🤖 AI Summary
This work addresses safety-constrained imitation learning, aiming to learn a maximum-entropy policy from expert demonstrations while satisfying multiple constraints (e.g., safety requirements and task specifications). We propose a novel probabilistic inference–based imitation learning framework that formulates constraint satisfaction as a KL-divergence–constrained optimization problem, yielding a unified objective accommodating both hard and soft constraints. To jointly optimize policy entropy and constraint violation cost, we introduce a dual gradient descent algorithm with theoretical convergence guarantees. Theoretically, we establish a rigorous equivalence between constrained imitation learning and constrained maximum-entropy reinforcement learning. Empirically, our method achieves significant improvements over state-of-the-art baselines across diverse simulated and real-world robotic tasks, demonstrating superior generalization, behavioral diversity, and robustness to constraint violations.
📝 Abstract
This article introduces an imitation learning method for learning maximum entropy policies that comply with constraints demonstrated by expert trajectories executing a task.
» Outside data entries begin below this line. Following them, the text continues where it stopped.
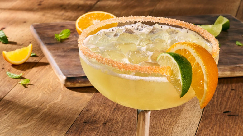 After you've tried the Blue Amalfi, there are quite a few other options to try from the Olive Garden drink menu. For starters, let's talk about the chain's popular Italian margarita. Recipes for this classic cocktail vary widely but Olive Garden chooses to make theirs with the addition of Italian-inspired flavors — namely, amaretto. This colorful pick includes the standard triple sec and Jose Cuervo Especial Silver Tequila, as well as an orange and classic lime for garnish.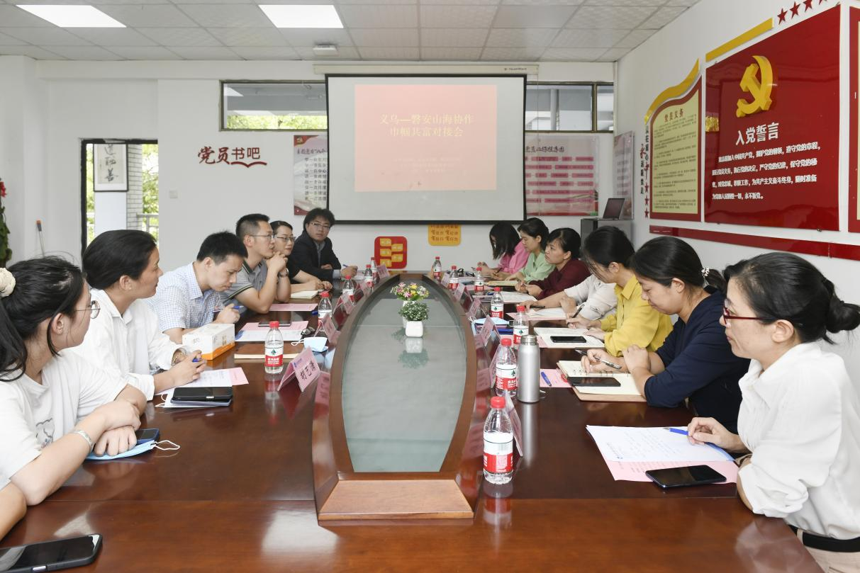 9月7日,义乌——磐安山海协作巾帼共富对接会在学校创业园举行,金华市妇女联合会三级调研员刘艾春,义乌市妇联党组书记、主席朱刚露,磐安县妇联党组书记、主席施迎霞,磐安县双溪乡党委书记羊晓光,磐安县妇联党组成员、副主席曹美珍,义乌市妇联副主席余依萍,义乌市妇联党组成员、副主席周丹瑛,学校万象城娱乐awc线路班子成员及学生代表参加。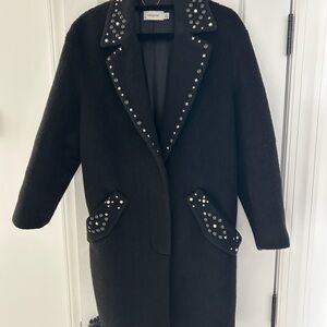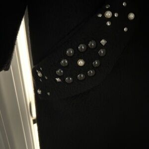 Coach collection mohair and wool blend coat in black features a sophisticated oversized silhouette with striking embellishments. This single-breasted piece is adorned with a mix of studs and faux pearls along the notched lapels and pocket flaps, offering a modern edge to a classic design. Crafted from a textured fuzzy fabric, it includes a smooth viscose lining and a gold-tone chain locker loop for a touch of luxury. The coat is finished with two front buttons and flap pockets, making it a standout addition to any cold-weather wardrobe.
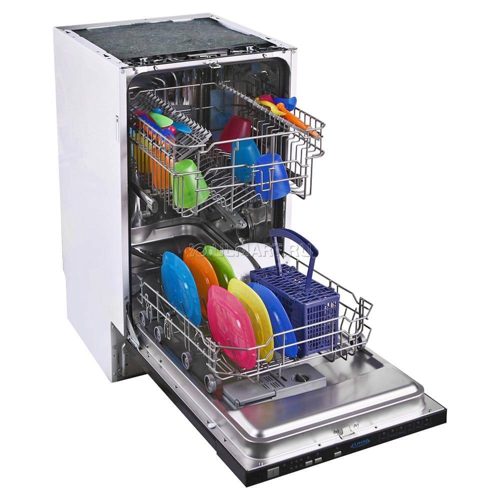 Надежная модель посудомоечной машины с расходом воды в 9 литров и электроэнергии в 0,83 кВт. Имеет три выдвижных корзины и полочку для мелких предметов. Вместительность машины − до 10 комплектов. Машина оснащена функцией «Автостоп», а также возможностями дополнительной сушки, загрузки наполовину и таймером начала цикла. Из недостатков можно отметить маленькое количество вмещаемой крупной посуды и отсутствие светового индикатора на пол. У данной модели машины 4 режима работы, есть функция звукового оповещения и анализатора чистоты воды. Размер машины: 45х81,5х55 см. Стоимость − от 27 000 руб.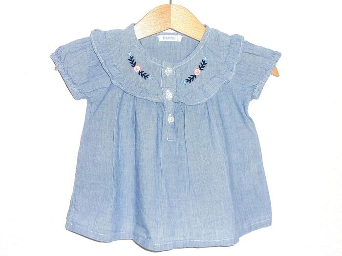 Pour voir mes annonces dans cette taille, tapez: #karinelillefille6mois Etat neuf pour cette blouse boutchou ornée d'une encolure brodée. Imprimé rayé bleu

The formulation of the method takes advantage of results connecting performance to bounds for the KL-divergence between demonstrated and learned policies, and its objective is rigorously justified through a connection to a probabilistic inference framework for reinforcement learning, incorporating the reinforcement learning objective and the objective to abide by constraints in an entropy maximization setting. The proposed algorithm optimizes the learning objective with dual gradient descent, supporting effective and stable training. Experiments show that the proposed method can learn effective policy models for constraints-abiding behaviour, in settings with multiple constraints of different types, accommodating different modalities of demonstrated behaviour, and with abilities to generalize.